Quatrième principe (5)
Quatrième principe : Douzième Section
S'il a transgressé, et proféré des paroles de lashone har'a au sujet de son prochain, puis en est venu à se repentir, sa Téshouva repose sur cette [condition] : si ses amis ont rejeté ses paroles, et son prochain (1) n'a aucunement été diminué à leurs yeux du fait de ce lashone har'a, il ne reste pour lui que la faute « ben adam laMaqom » (c'est-à-dire vis-à-vis du Créateur) et non celle « ben adam la'havéro » (vis-à-vis de son prochain), puisqu'il a transgressé la Parole de HaShem, qui a ordonné [que l'homme ne prononce pas des paroles de lashone har'a], comme on l'a vu dans notre introduction (2). Il se corrigera en regrettant ce qu'il a dit, il confessera [sa faute], prendra sur lui, d'un cœur entier, de ne pas commettre à nouveau cette faute dans l'avenir, comme pour toutes les fautes entre l'homme et son Créateur.
Mais si son prochain s'est trouvé diminué aux yeux des auditeurs [de ses paroles], et de ce fait a subi un dommage physique ou financier, ou s'il a souffert [moralement], [sa faute] entre dans la catégorie des fautes commises envers le prochain, pour lesquelles ni Yom Kippour, ni même le jour de la mort n'amènent l'expiation tant qu'il n'a pas obtenu le pardon de la personne envers qui il a fauté.

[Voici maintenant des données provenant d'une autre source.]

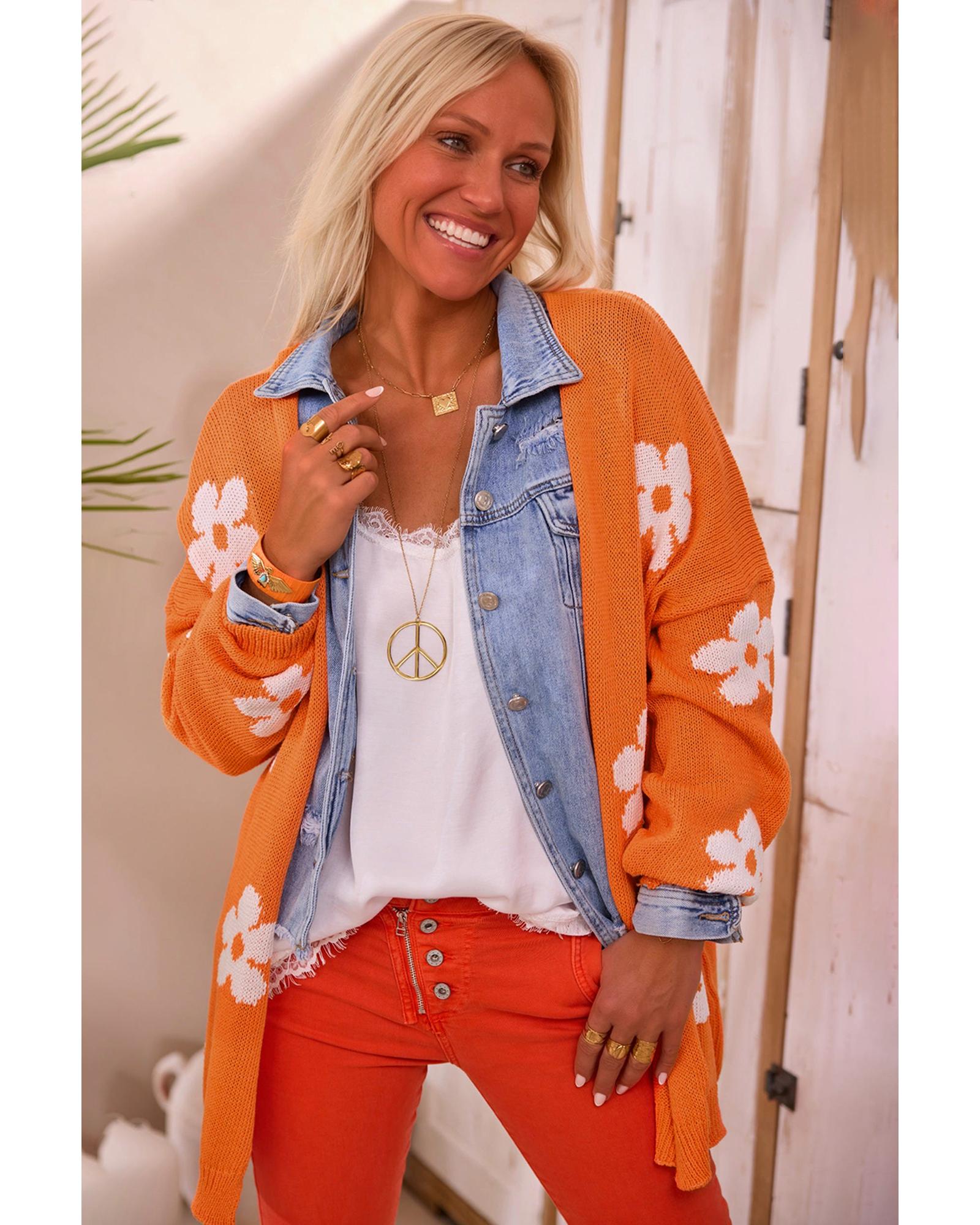 This orange floral print knitted cardigan offers a stylish and versatile addition to your wardrobe. Designed with a trendy fitted look, it combines feminine charm with comfort, making it suitable for various casual and chic outfits.
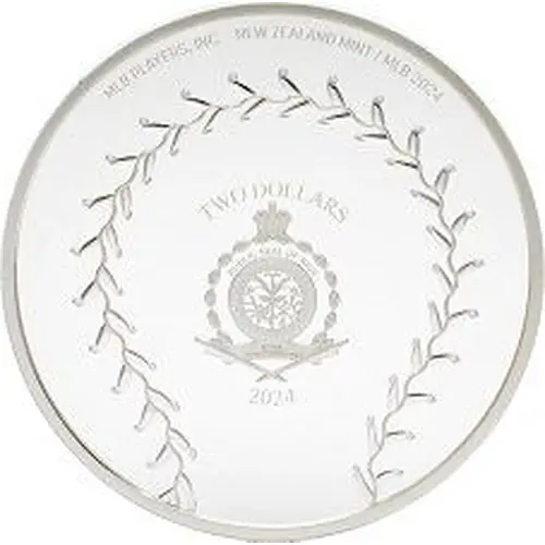 Надписи аверса MLB PLAYERS INC. NEW ZEALAND MINT / MLB 2024 TWO DOLLARS PUBLIC SEAL OF NIUE ATUA NIUE TUKULAGI 2024
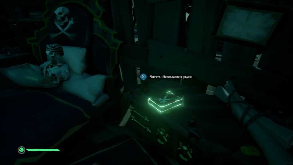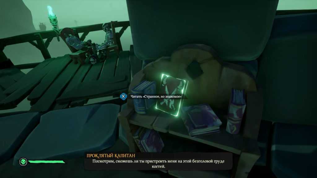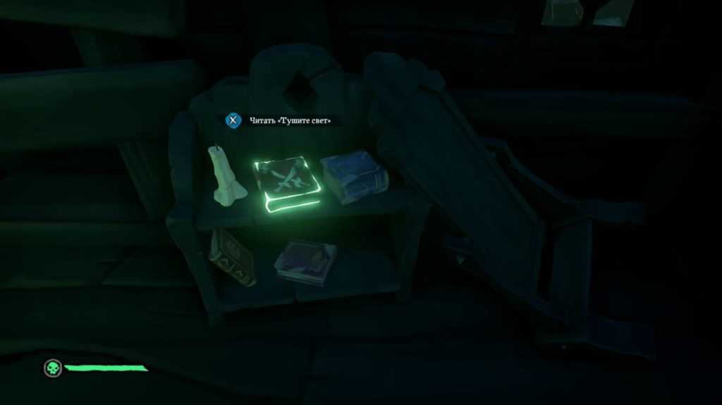 В капитанской каюте Проклятого капитана справа на книжной полке
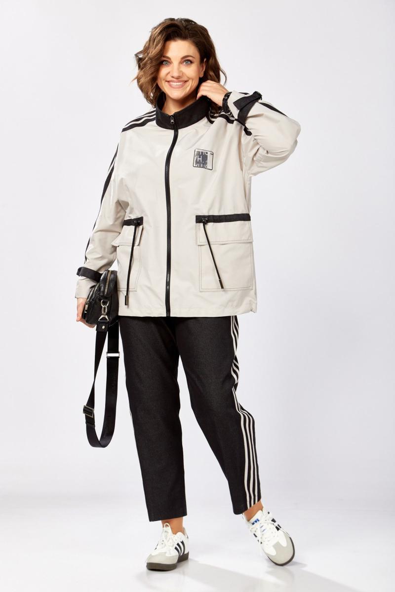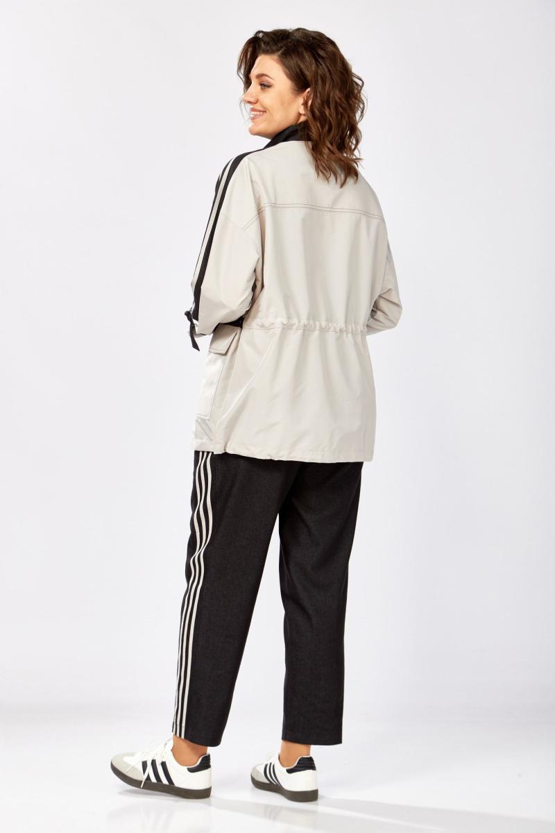Комбинированный брючный премиум комплект в стиле спорт шик для внесезонной носки. Удлиненная куртка-ветровка без подкладки, по талии с кулисой, свободного силуэта на молнии, с накладными карманами, воротник - высокая отложная стойка, по рукаву контрастная отделка и регулируемый хлястик . Спинка с кокеткой. Брюки средней посадки, заужены к низу с декоративными лампасами , без застежки , на круговой резинке по талии , с карманами в боковых швах.
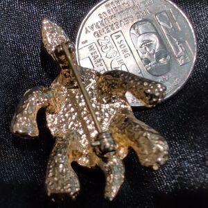 This elegant gold turtle brooch adds a touch of sophistication to any outfit. Its intricate design and shimmering gold finish make it a standout piece.
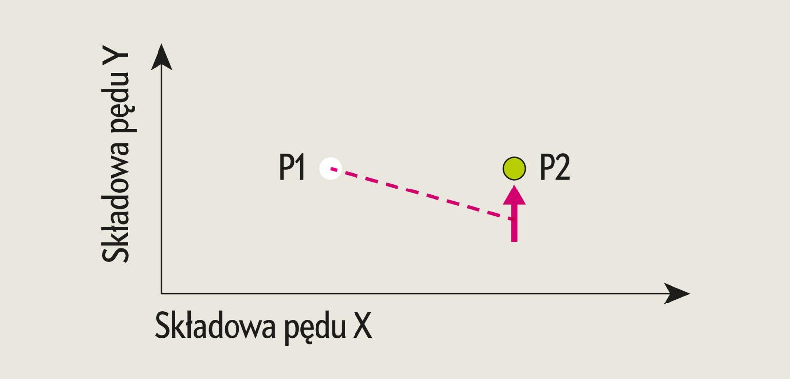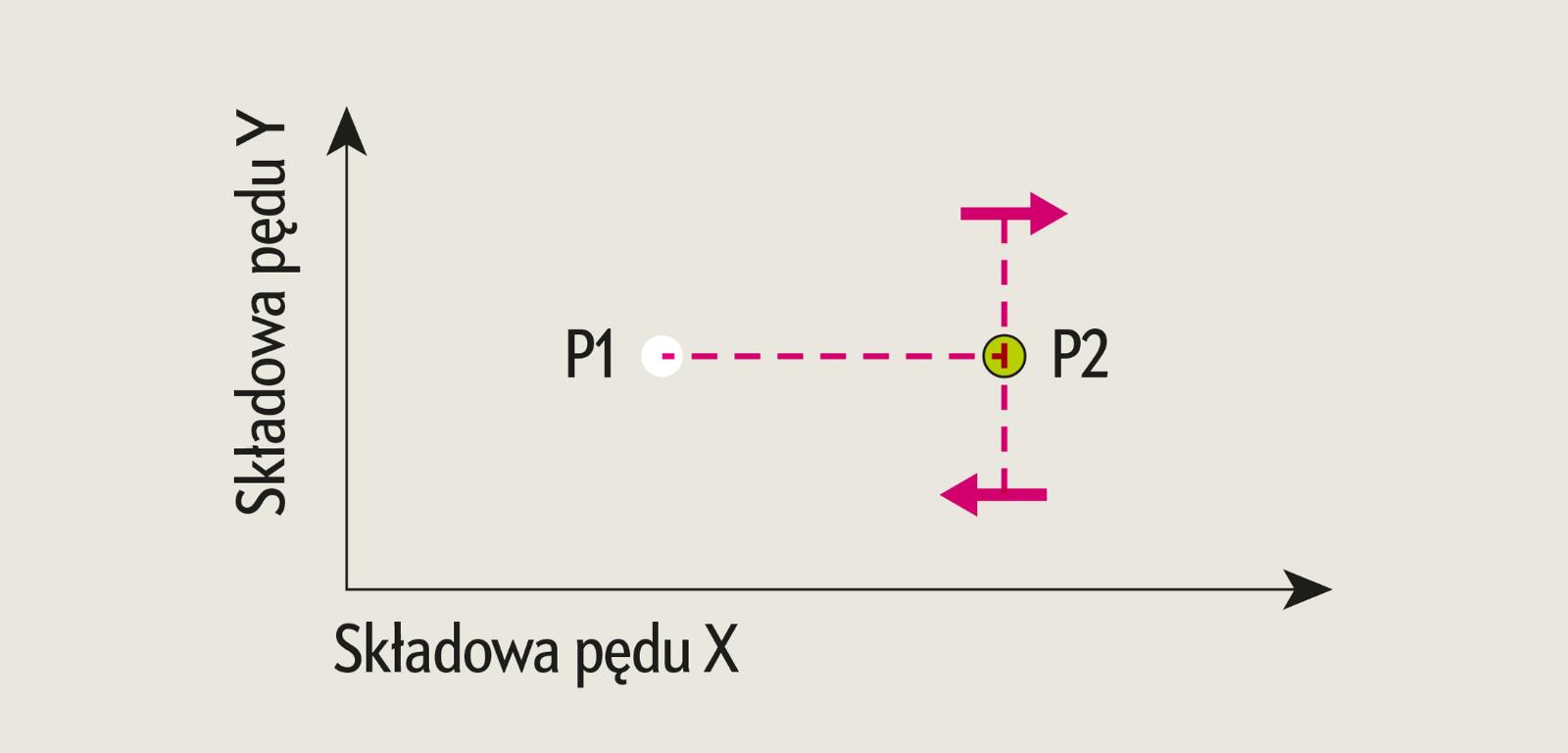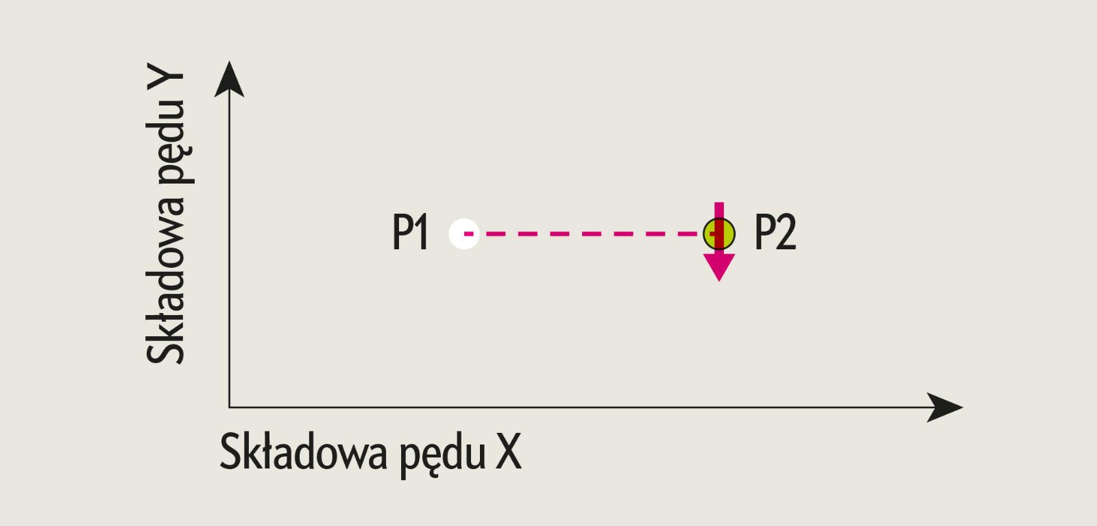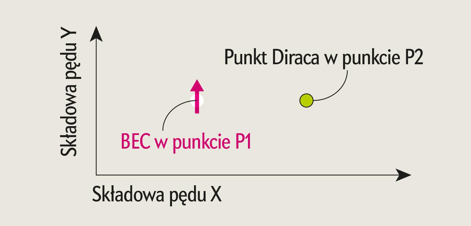 Teraz wyobraźmy sobie, że przesuwamy strzałkę z P1 bezpośrednio do P2 – czyli zmieniamy pęd BEC tak, aby był dokładnie równy wartości w punkcie Diraca: zobaczymy, że strzałka obróci się całkowicie „do góry nogami”. Zmiana ta oznacza, że stan kwantowy BEC przeskoczył ze stanu podstawowego do pierwszego stanu wzbudzonego.
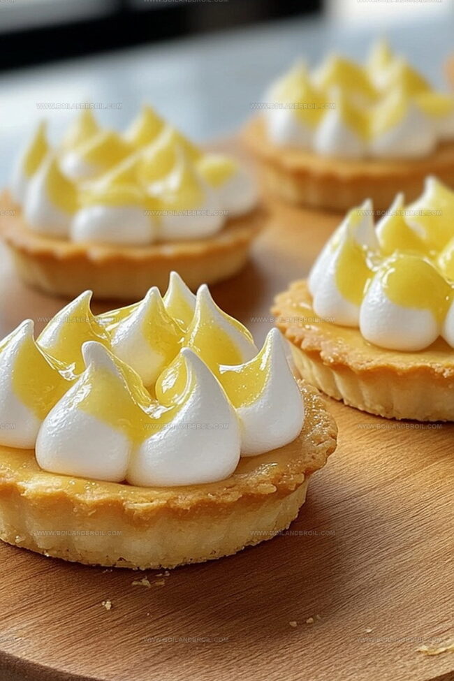 - Crown each tart with meringue, ensuring complete coverage to tart edges. Bake at 350F (175C) for approximately 10 minutes until meringue turns golden brown.
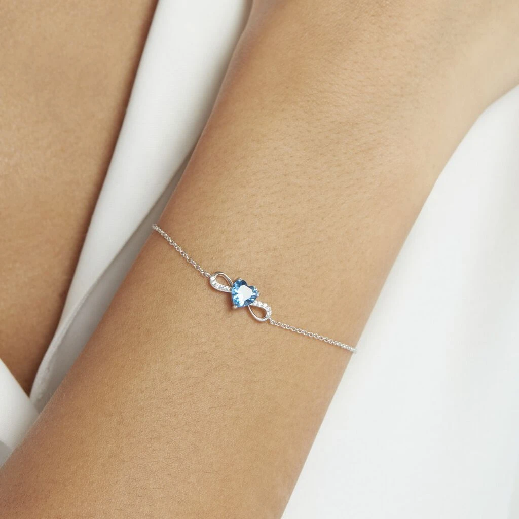 Bracelet Argent Blanc 925/1000 Cœur Serti Griffes Oxyde De Zirconium Bleu Accompagné Maille Forçat 19cm
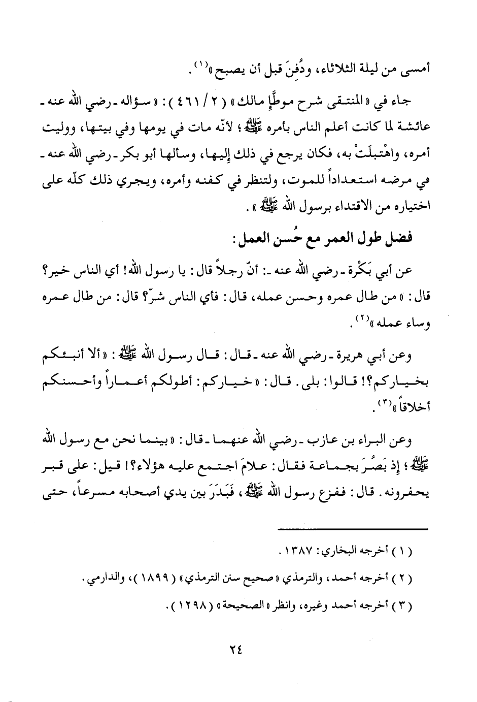 عن أبي بَكْرة -رضي الله عنه-: أنّ رجلاً قال: يا رسول الله! أي الناس خير؟ قال: "من طال عمره وحسن عمله، قال: فأي الناس شرّ؟ قال: من طال عمره وساء عمله" (¬2).
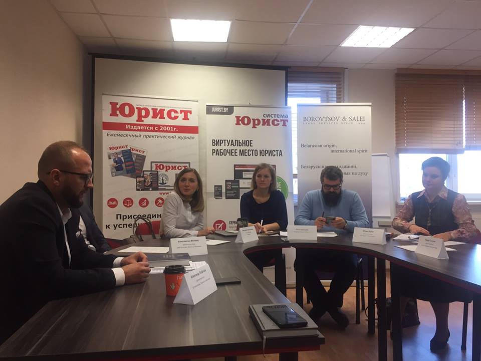 17 кастрычніка 2018 г. старшы юрыст, адвакат Юлія Шуба прыняла ўдзел у якасці выступоўцы ў дыскусійна-практычным круглым стале “Карпаратыўныя спрэчкі: абскарджанне рашэнняў органаў кіравання»”. Падчас мерапрыемства былі прааналізаваны апошнія тэндэнцыі ў правапрымяняльнай практыцы разгляду ўнутрыкарпаратыўных канфліктаў, закрануты праблемныя пытанні вызначэння кола суб'ектаў, якія маюць права на абскарджанне, вылічэння тэрміну іскавай даўнасці, магчымасці і ўмоў прымянення забеспячальніцкіх мер і іншыя практычныя аспекты. Сустрэча была арганізавана часопісам Юрыст.
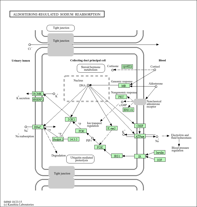 Sodium transport across the tight epithelia of Na+ reabsorbing tissues such as the distal part of the kidney nephron and colon is the major factor determining total-body Na+ levels, and thus, long-term blood pressure. Aldosterone plays a major role in sodium and potassium metabolism by binding to epithelial mineralocorticoid receptors (MR) in the renal collecting duct cells localized in the distal nephron, promoting sodium resorption and potassium excretion. Aldosterone enters a target cell and binds MR, which translocates into the nucleus and regulates gene transcription. Activation of MR leads to increased expression of Sgk-1, which phosphorylates Nedd4-2, an ubiquitin-ligase which targets ENAC to proteosomal degradation. Phosphorylated Nedd4-2 dissociates from ENAC, increasing its apical membrane abundance. Activation of MR also leads to increased expression of Na+/K+-ATPase, thus causing a net increase in sodium uptake from the renal filtrate. The specificity of MR for aldosterone is provided by 11beta-HSD2 by the rapid conversion of cortisol to cortisone in renal cortical collecting duct cells. Recently, besides genomic effects mediated by activated MR, rapid aldosterone actions that are independent of translation and transcription have been documented.
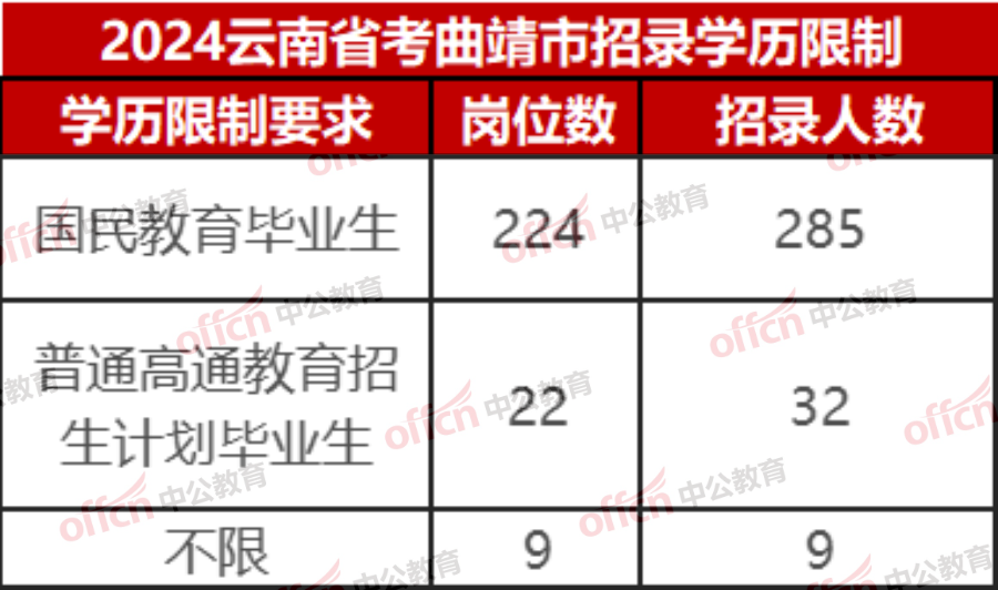 学历限制方面,曲靖市省考设国民教育毕业生设岗224个,招考人数285人;普通高等教育毕业生岗位22个,招录人数32人;学历性质不限的岗位设立9个,招录9人。如上图所示。
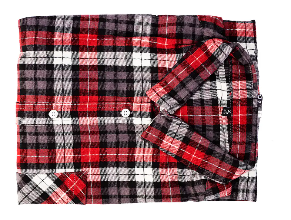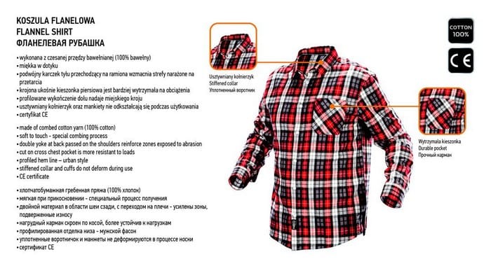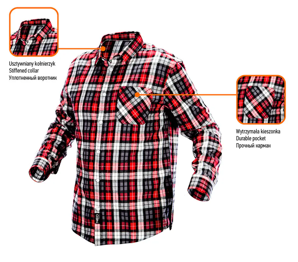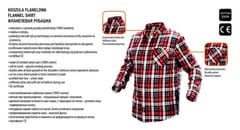 Flannel shirt, red-grey-white check woven from previously dyed yarn, 100% cotton, 180 g/m2 size XL, CE certificate

Il doit donc demander le pardon de son prochain. Si ce dernier est apaisé (3) et pardonne, il ne reste plus que la faute « ben adam laMaqom ». Il agira alors comme on vient de le préciser. Même si son prochain [victime de ses paroles] n'a pas été informé, il a le devoir de lui révéler ce qu'il lui a fait d'injuste [et le mal qu'il a dit de lui], et demander son pardon pour cela, puisqu'il connaît l'origine du mal qui lui a été fait.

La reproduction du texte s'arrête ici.